Cooking Tips & Tricks (Chef’s Notes)
A few simple tweaks can turn your chicken meatloaf from good to absolutely magnificent, and trust me, these little secrets make all the difference.
- Don’t overmix the meat – Once you combine everything, mix just until it comes together. Overworking ground chicken turns it into a dense, rubbery brick, and nobody wants to chew their way through that disappointment.
- Let the stuffing mix hydrate first – Give those breadcrumbs about 5 minutes to soak up moisture from the eggs and other ingredients before shaping your loaf. This prevents dry pockets that’ll make you wonder why you didn’t just order pizza instead.
- Use a meat thermometer – Chicken needs to hit 165°F internally, but don’t just guess and hope for the best. Nobody wants to serve undercooked poultry, and nobody wants to turn their beautiful meatloaf into chicken jerky either.
- Create a foil tent if it browns too fast – Sometimes the top gets a little too enthusiastic about browning while the inside is still catching up. Just loosely cover with foil and let it finish cooking without turning into a hockey puck.
- Let it rest completely – I know that 15-minute waiting period feels like torture when you’re hungry, but cutting too early means your slices will fall apart faster than my resolve at a bakery.

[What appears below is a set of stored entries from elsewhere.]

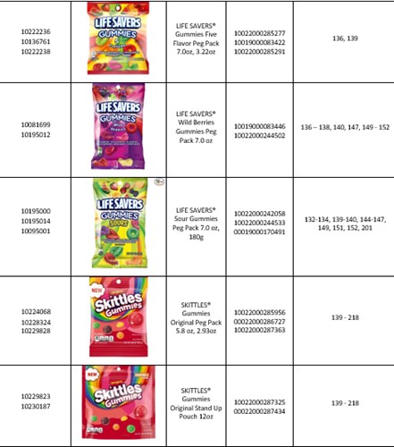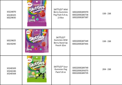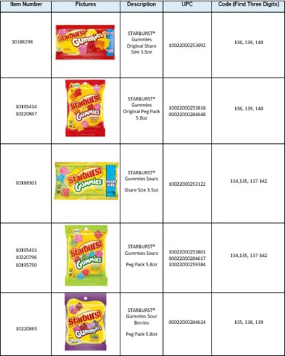 These products were manufactured by a third-party . The products subject to this recall include specific varieties of SKITTLES® Gummies, STARBURST® Gummies, and LIFE SAVERS® Gummies are described in the table below. On the back of the package is a 10-digit manufacturing code; the first three digits in this code will indicate implicated product.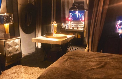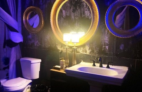 EXPERIENCE HOLLYWOOD IN THE PRIVATE HIDEAWAY OF THIS DESIGNERS SECRET HAVEN. THIS UNIQUE STUDIO STYLE CONDO WAS DESIGNED ESPECIALLY FOR THE COMFORT AND INSPIRATION FOR THE ARTIST THAT CREATED IT. NOW ALLOWING A FEW FASHIONABLE GUESTS TO EXPERIENCE HIS MULTI MEDIA STATE OF THE ART PRIVATE STUDIO. COMPLETE WITH ITS OWN PRIVATE GARDEN ONE OF THE ONLY ONES IN THE BUILDING. SMELL THE SCENT OF JASMINE WILL INTOXICATE YOU. IT IS OVER THE TOP AND DRAMATIC AND WILL TAKE YOU INTO ITS WORLD. ITS ABSURD AND DECADENT AS THE 4 FLAT SCREENS ARE SYNCED TO PLAY THE SAME MEDIA THROUGHOUT SO IF YOUR WATCHING A MOVIE OR TAKING A TUTORIAL NOT TO WORRY YOU CAN WALK AROUND COOK ETC AND NEVER MISS A SECOND OF YOUR PROGRAMMING
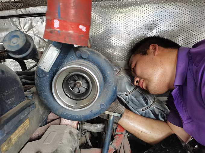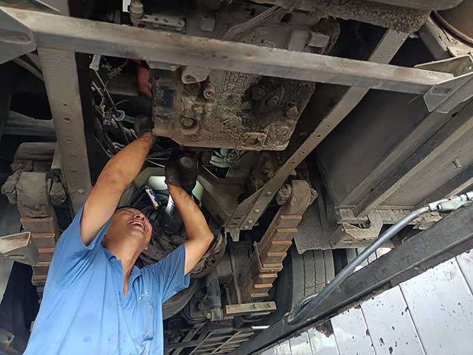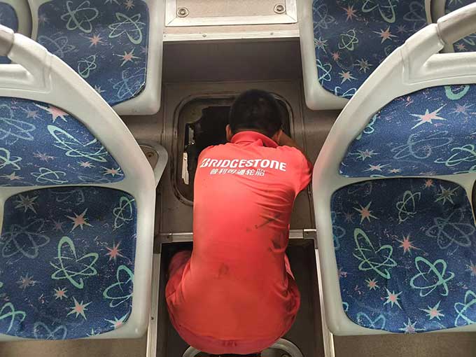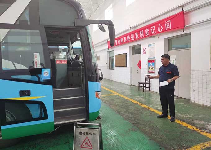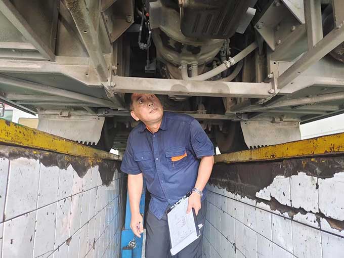 驕陽似火,汗水流淌,沾了頭發(fā),濕了臉頰,卻阻擋不了他們對工作的熱情,這是一種承諾,更是一種責(zé)任與擔(dān)當(dāng)。相比爬車頂維修空調(diào)的辛苦,鉆地溝也的滋味更不好受。不足一米深的地溝里,不僅悶熱,而且容易沾滿油垢。背靠堅硬的水泥瓷磚、頭頂公交車底盤,承受車輛部件散發(fā)的熱量,猶如鉆進烤箱。狹小的空間內(nèi),悶熱的空氣彌漫著刺鼻的機油味,底盤零部件上的塵土和油污隨著維修時的觸碰不時地落在頭上、脖子里、衣服上。為了排查故障,維修職工需要一直貓著腰、歪著頭,手上、身上滿是機油和污垢。幾分鐘的時間,豆大的汗珠就成串往下掉,工作服更是緊緊地“貼”在了身上。有時候,要檢修的部位比較靠里,在車底也無法觸及,只能從車廂里打開后座,順著幾十厘米直徑的小洞‘鉆進去’,基本上就是上半身在發(fā)動艙內(nèi),下半向在車廂內(nèi)。盡管如此,保修職工仍然憑借頑強的斗志和精益求精的工匠意識,克服重重困難,完成各項保修任務(wù)。
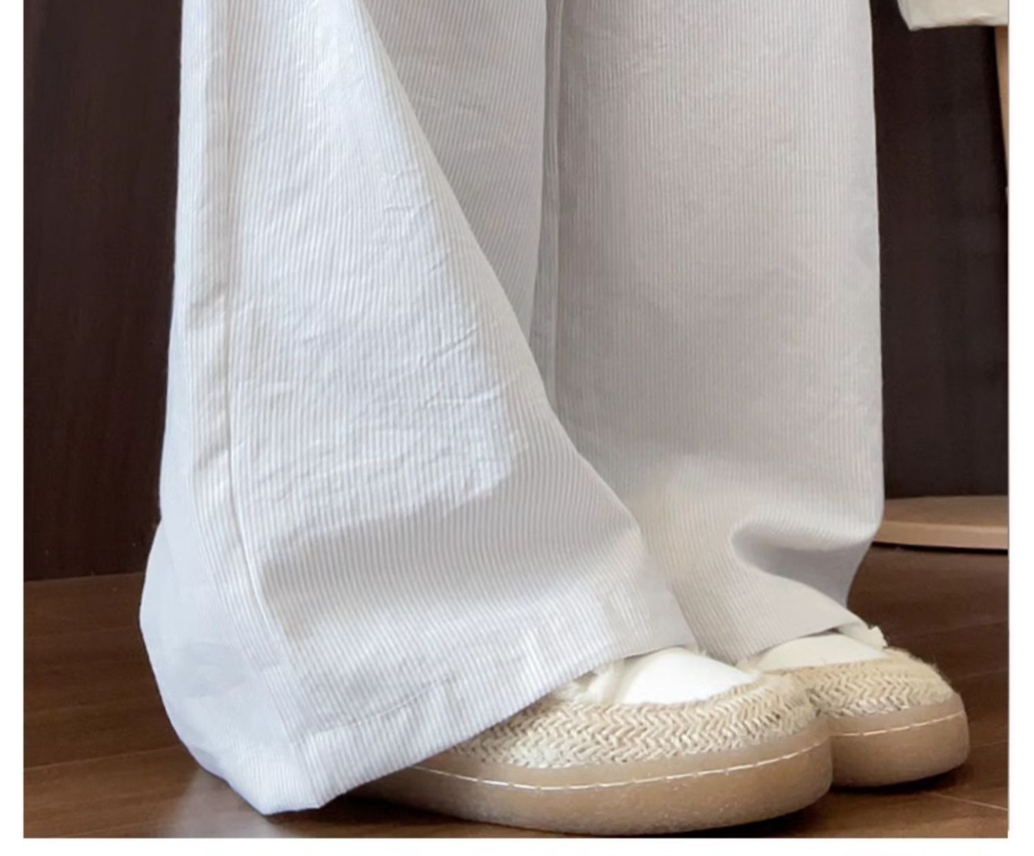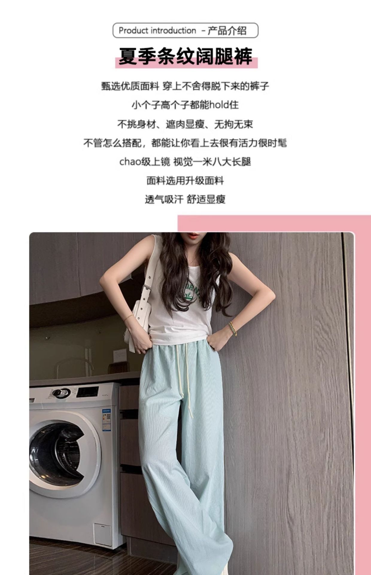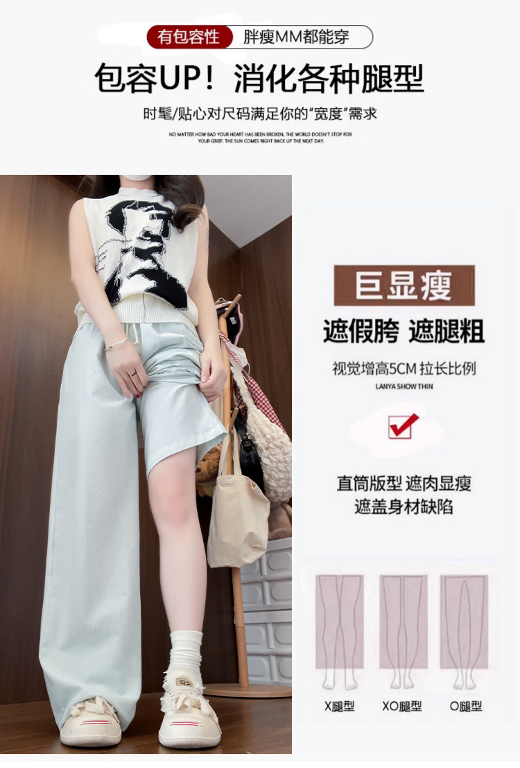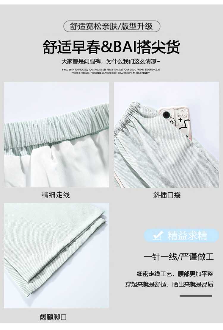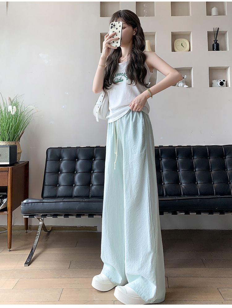 여성용 녹색 고리버들 스트라이프 바지 여름 얇은 2025 새로운 하이 웨이스트 캐주얼 작은 게으른 스타일 와이드 레그 팬츠스토어 가기

The resting time lets everything set up properly.
- Line your pan with parchment – Makes cleanup so much easier, and you can actually get your meatloaf out in one piece instead of excavating it with a spatula like you’re on an archaeological dig.
Nutritional Facts
Based on the complete recipe serving 8 portions, here’s what you’re getting per slice:
- Calories: 285 per serving
- Protein: 28g – excellent source for muscle maintenance and satiety
- Total Fat: 12g (mostly from chicken and eggs)
- Saturated Fat: 4g
- Carbohydrates: 18g (primarily from stuffing mix)
- Fiber: 1g
- Sugar: 4g (from ketchup, barbecue sauce, and stuffing mix)
- Sodium: 720mg – about 31% of daily recommended intake
- Cholesterol: 125mg
- Calcium: 180mg (thanks to that parmesan cheese)
- Iron: 2mg
- Potassium: 380mg
Key Nutritional Highlights:
- High-quality lean protein – Ground chicken provides complete amino acids with less saturated fat than beef
- Lower calorie alternative – About 100 fewer calories per serving compared to traditional beef meatloaf
- Moderate sodium content – The stuffing mix contributes most of the sodium, so watch your sides
- Good calcium source – Parmesan cheese adds bone-supporting minerals
- Balanced macronutrients – Solid protein-to-carb ratio keeps you satisfied longer
Fun “Did You Know?”
Beyond those impressive nutritional numbers, this chicken meatloaf carries some pretty fascinating food facts that’ll make you appreciate every bite even more.
Did you know meatloaf originated during the Great Depression as a way to stretch expensive meat with cheaper fillers? The Stove Top stuffing in our recipe serves that same purpose while adding incredible flavor.
Here’s something cool: chicken meatloaf actually holds together better than beef versions because ground chicken has more natural binding proteins.
Plus, that parmesan cheese isn’t just for taste—it contains natural enzymes that help tenderize the meat during cooking, creating our perfectly moist texture.